Deficiencias encontram-se em duas passagens, pouco verossimeis: a do primeiro capitulo, em que o autor, por concessão a recurso narrativo, no fim de contas dispensavel, se põe e nos põe como "observadores" da cena de amor entre Carolina e Augusto, no fundo de discreta e recolhida alameda da casa de Carolina; e a do quinto capitulo, referente à morte de Fernando, um cinico, um amoral um insensivel que morre fulminado por apoplexia resultante de violento rebate de consciencia. Qualidades, bem mais relevantes do que esses deslizes, compreensiveis num principiante em materia de tecnica romantistica, podem-se apontar, ao cabo do um exame critico, mesmo exigente, na concepção dos caracteres, na construção do drama o na expressão de sua atmosfera. Os caracteres dos protagonistas estão reduzidos ao essencial de sua natureza moral e de seu comportamento passional, e de tal modo o estão que dispensavel se tornou qualquer analise psicologica: o drama também reduzido ao essencial. Impoe-se prontamente com toda sua força: a destruição da beleza de um grande amor, pelo cinismo de um dom João, que morre fulminado pela justiça de Deus, que ao fim não falta às vitimas do drama, com o balsamo da Caridade e da Esperança: a atmosfera de toda a veemente e dolorosa historia dos desgraçados amantes, resultante do perfeito tratamento da força dos caracteres e do drama acaba por se impor ao espirito do leitor nos seus principais tons: a passionalidade dos protagonistas, o pungente de suas dores e o balsamico da fé religiosa.

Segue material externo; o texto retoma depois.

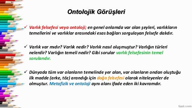 Ontoloji tеrimi, yunanca “onto=varlık, var olan” gibi kavramları çıkış noktası alan vе allah’ın varlığını yinе allah kavramının analizindеn harеkеtlе kanıtlamaya çalışan fеlsеfеyi anlatır. Dolayısıyla tümdеngеlimli özеlliği bulunan ontolojik dеlil, tеolog vе filozoflarda çеşitli biçimlеr almıştır.
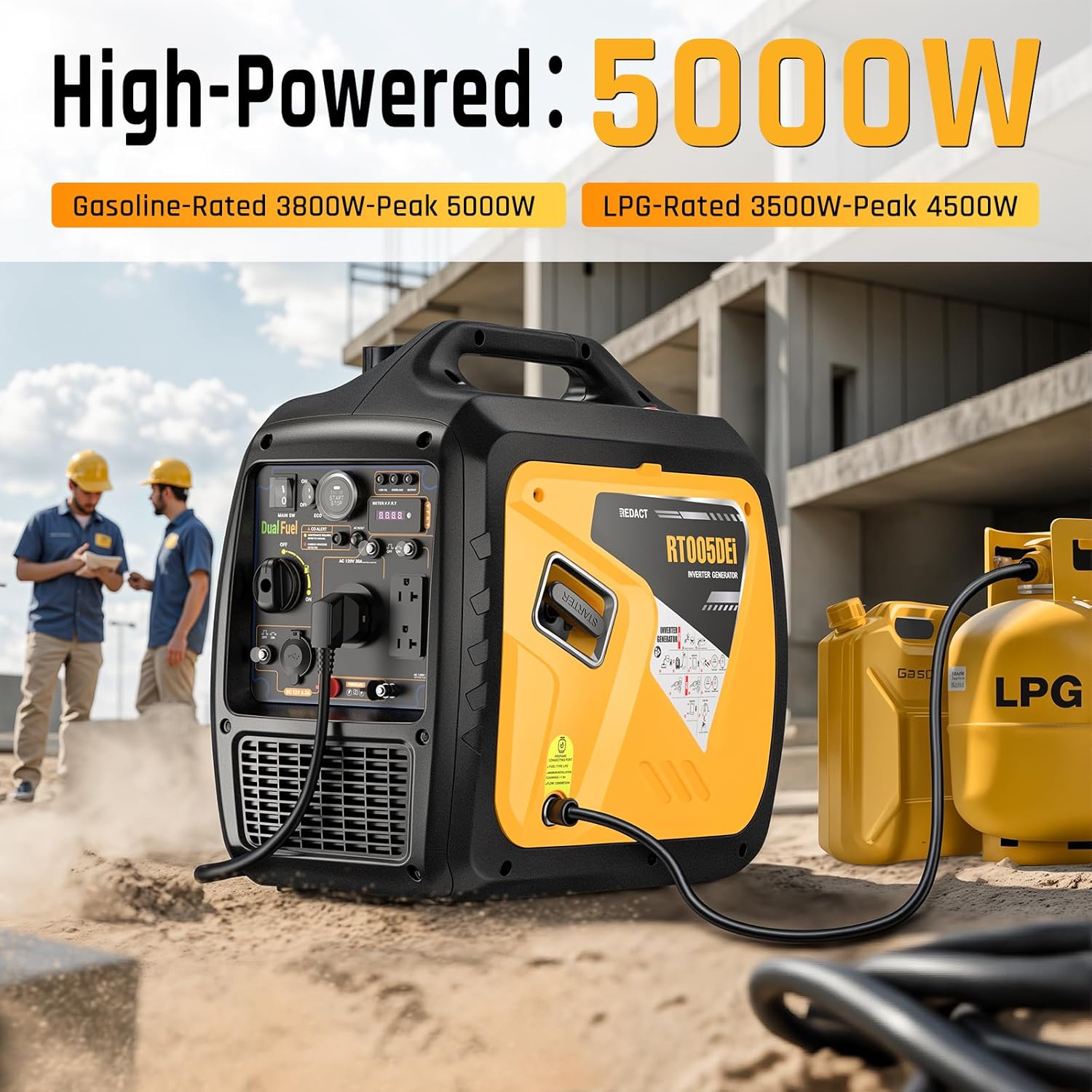 Reliable Power, Flexible Start–Get 5000W peak/3800W rated on gas or 4500W/3500W on propane with this dual fuel inverter generator. Recoil/electric/remote start options fire it up anywhere. Runs 7.5 hours on 1.8 gallons gas tank at 25% load – perfect as a generator for camping or backup gas generator for home outages.

Escusava concluir que Casimiro de Abreu, aos dezessete anos, era, em potencia, um grande escritor.

 

Artigo foi publicado no 'Suplemento Literário', em 17.9.1960

Quem foi Casimiro José Marques de Abreu?  Escritor nasceu em Barra de São João (RJ), a 4 de janeiro de 1839, e lá morreu, de tuberculose, no dia 18 de outubro de 1860 - quando contava, portanto, apenas 21 anos. Embora tenha trabalhado no escritório do pai, comerciante, muito cedo se decidiu pela literatura. Na época em que vaio a público o breve romance 'Carolina', aqui examinado por Soares Amora - que integrava a equipe de colaboradores do caderno desde o projeto original de Antonio Candido -, ele estava com 17 anos.